Both of the two appointments procedures are set up on a straightforward separation of powers principle: I’ll cut the cake, and you choose which piece you want. That is, Congress creates the office, but someone else gets to choose who fills it.

[…]

This leaves us with an important line-drawing question. Just what counts as “creating the office,” and what counts as “hiring someone to fill it”? The gray area here is job qualifications.

Clearly if congress said “the office will be filled by Harry Reid” when creating a new executive office, that would violate the separation of power, but surely Congress should have some authority to create limits to help prevent cronyism, corruption etc., so there is a need for a balance.
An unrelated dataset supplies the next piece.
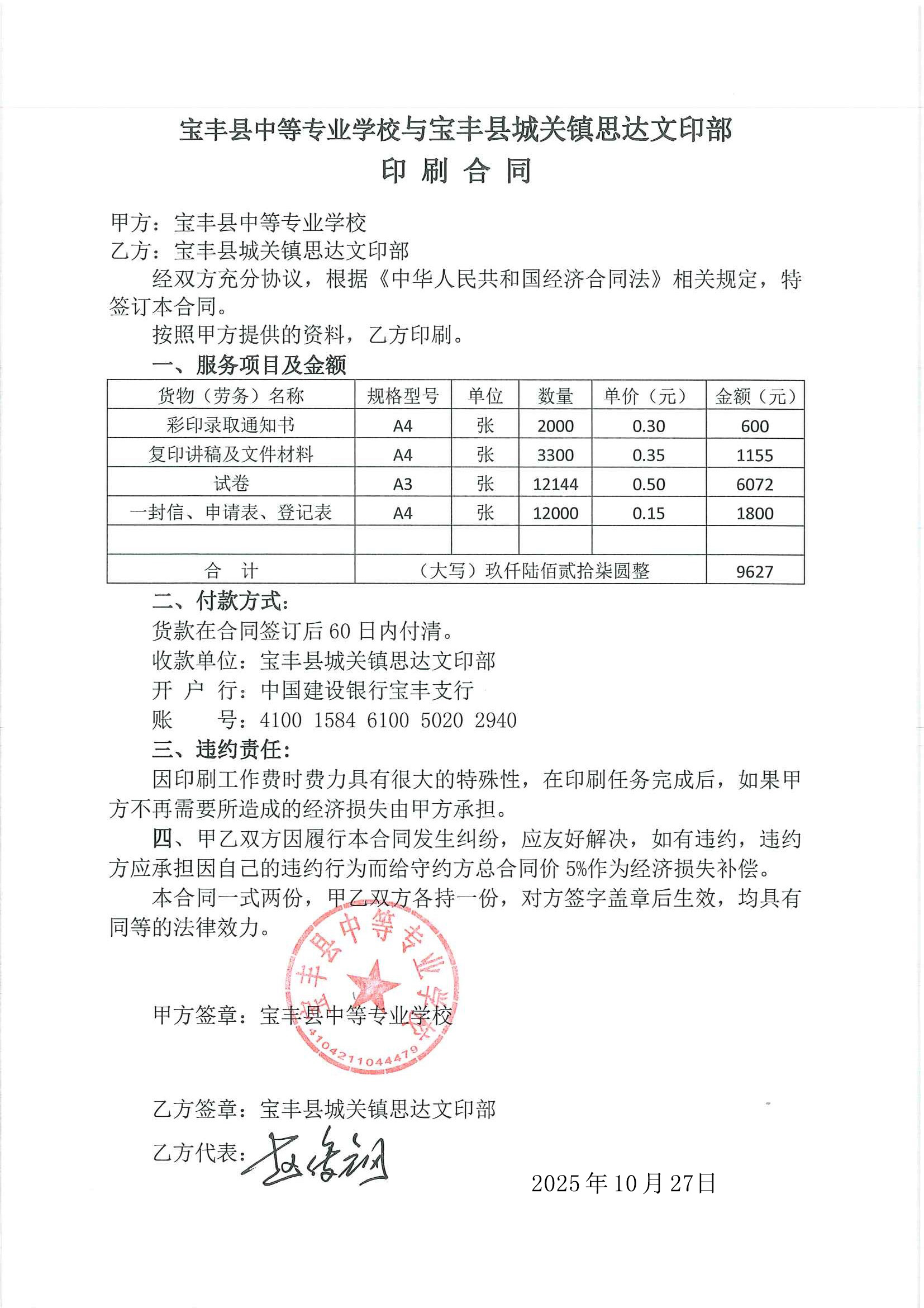 2.供应商(乙方):宝丰县城关镇思达文印部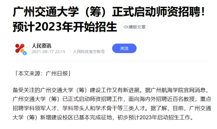 放眼整个大湾区,同样在努力引进高校、研究院。2023年,大湾区预计将有4所新大学开始首次招生,分别是广州交通大学、香港科技大学(广州)、大湾区大学、香港城市大学(东莞)。与此同时,香港理工大学(佛山)、香港都会大学(肇庆)、香港大学(深圳)还在建设中。

What Ms. Volokh has not mentioned yet is that the constitution has a good structural mechanism for creating a good balance in the Supreme Court. The legislative branch and the executive branch jointly appoint Supreme Court judges, and as a result, those judges represent the interests of both the legislative branch and the executive branch (though biased towards interests of the executive branch). Perhaps it would be better then if the Supreme Court did not consider constitutional questions when reviewing this issue, but instead made a judgment call based on ‘reasonableness’. The Supreme Court does not have any incentives to favor either branch or too much interest bias toward either branch, so it is in a good position to decide which statutory qualifications for executive branch offices are appropriate and which are not.


I rarely cheer for either political party, but the Democrats are calling for a ‘consensus candidate’ and threatening to block Bush’s nomination if it is Ted Olson, who would be a very political nomination. I strongly support the nomination of consensus candidates over political ones, so: Go Democrats!

Democrats, including current Judiciary Committee Chairman Patrick Leahy, indicated they would mount strong challenges to Olson if Bush nominates him. “He is certainly not a consensus nominee,” said Sen. Chuck Schumer, D-N.Y. “He has a very political background.”

Later in the article:

If Democrats delay the nomination, [Republican Senate leader] McConnell warned, “they’ll show the American people that their concern for the department was insincere.”

It takes some serious chutzpa to attack the Democrats for showing concern about the independence and centrism of the justice department.

I can’t be the only one who thinks that the position of Attorney General, or any appointment, should not be a political appointment. There are many people that would be acceptable to almost everyone, and the president should nominate one of these candidates.